🚀 Unleash the Power of Ray: Scale your Training on Cloud GPU Clusters

This repository provides templates to prepare for the Ray Train user tests. During testing, we'll help you scale machine learning workloads to cloud clusters with multi-node, multi-GPU training.

Getting Started

These instructions will help you prepare the environment on Anyscale Workspace. Please fork this repository and follow the instructions below. Please send your forked github repository URL back to us before user testing.

Prerequisites

You have a runnable Model training script on your local machines.
You are training with publicly available datasets and models.
Python >= 3.8

Step 1: Prepare your Data

Please put your data preparation logics in prepare_data.sh.
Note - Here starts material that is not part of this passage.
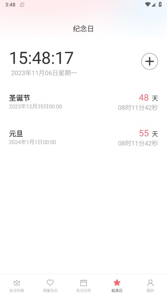 生日倒计时管家是一款贴心实用的生活助手软件,专注于帮助用户记录和管理各类重要日期。它不仅具备基础的日历查看功能,还能让用户自由设置个性化的倒计时提醒,无论是亲友生日、工作纪念日还是特殊节日,都能通过智能提醒确保您不会错过每一个值得纪念的时刻。简洁直观的界面设计搭配强大的提醒功能,让时间管理变得轻松又有趣,是提升生活仪式感的必备工具。
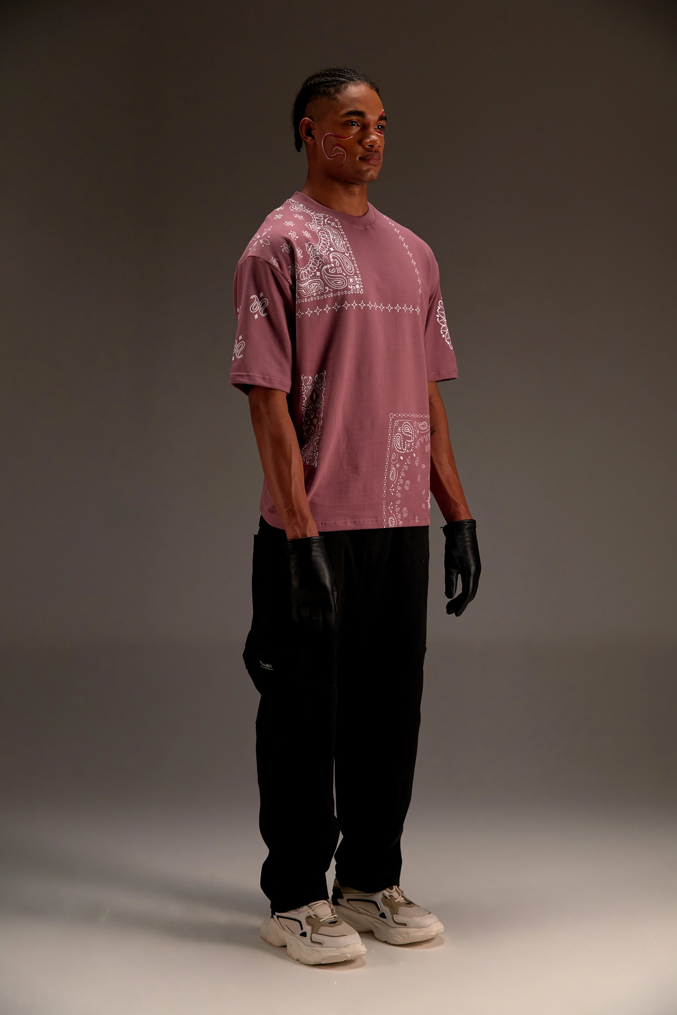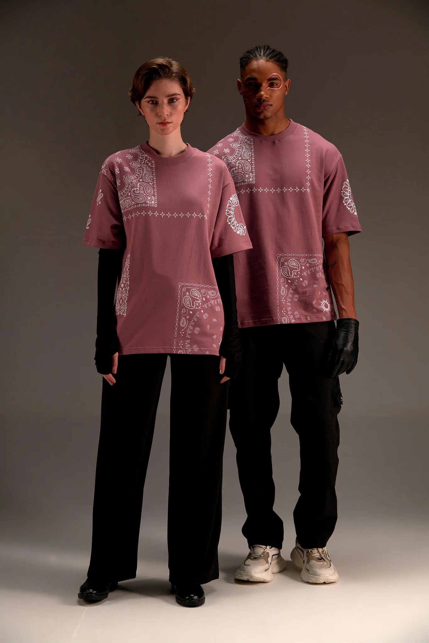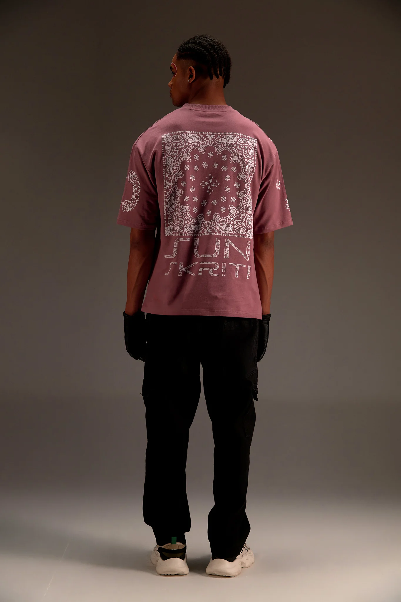 Inspired by traditional art, Sun-Skriti brings together expressive and aesthetic design with a creative twist. This onion color drop-shoulder tee adds a unique touch to the classic bandana pattern. This is made from comfortable and durable 240 GSM cotton loop-knit fabric. The screen-printed design gives depth to the pattern, making it a statement of individuality and creativity.

# Example: download MNIST dataset
wget http://yann.lecun.com/exdb/mnist/train-images-idx3-ubyte.gz
wget http://yann.lecun.com/exdb/mnist/train-labels-idx1-ubyte.gz
wget http://yann.lecun.com/exdb/mnist/t10k-images-idx3-ubyte.gz
wget http://yann.lecun.com/exdb/mnist/t10k-labels-idx1-ubyte.gz

You can skip this step if you are loading the dataset in your training script, e.g.

from datasets import load_dataset
ds = load_dataset("glue", "cola")

Step 2: Configure Package Dependecies

Put all the required Python packages in requirements.txt. Our team will help you install these dependencies before testing.

# requirements.txt
pytorch-lightning==2.0.3
transformers==4.31.0

Step 3: Prepare your Training Script

Finally, put your training scripts into the ./src folder. Please include any header files, metadata, and configuration files in this folder.

You are also encouraged to provide a simple guide for running your code in ./src/train.sh, so that we can easily check if your code can run without frictions with dependencies.

🎉 Congratulations!

You have completed all the steps. Remember to send your forked GitHub repository URL back to us before user testing! We are looking forward to work with you to unlease the power of Ray!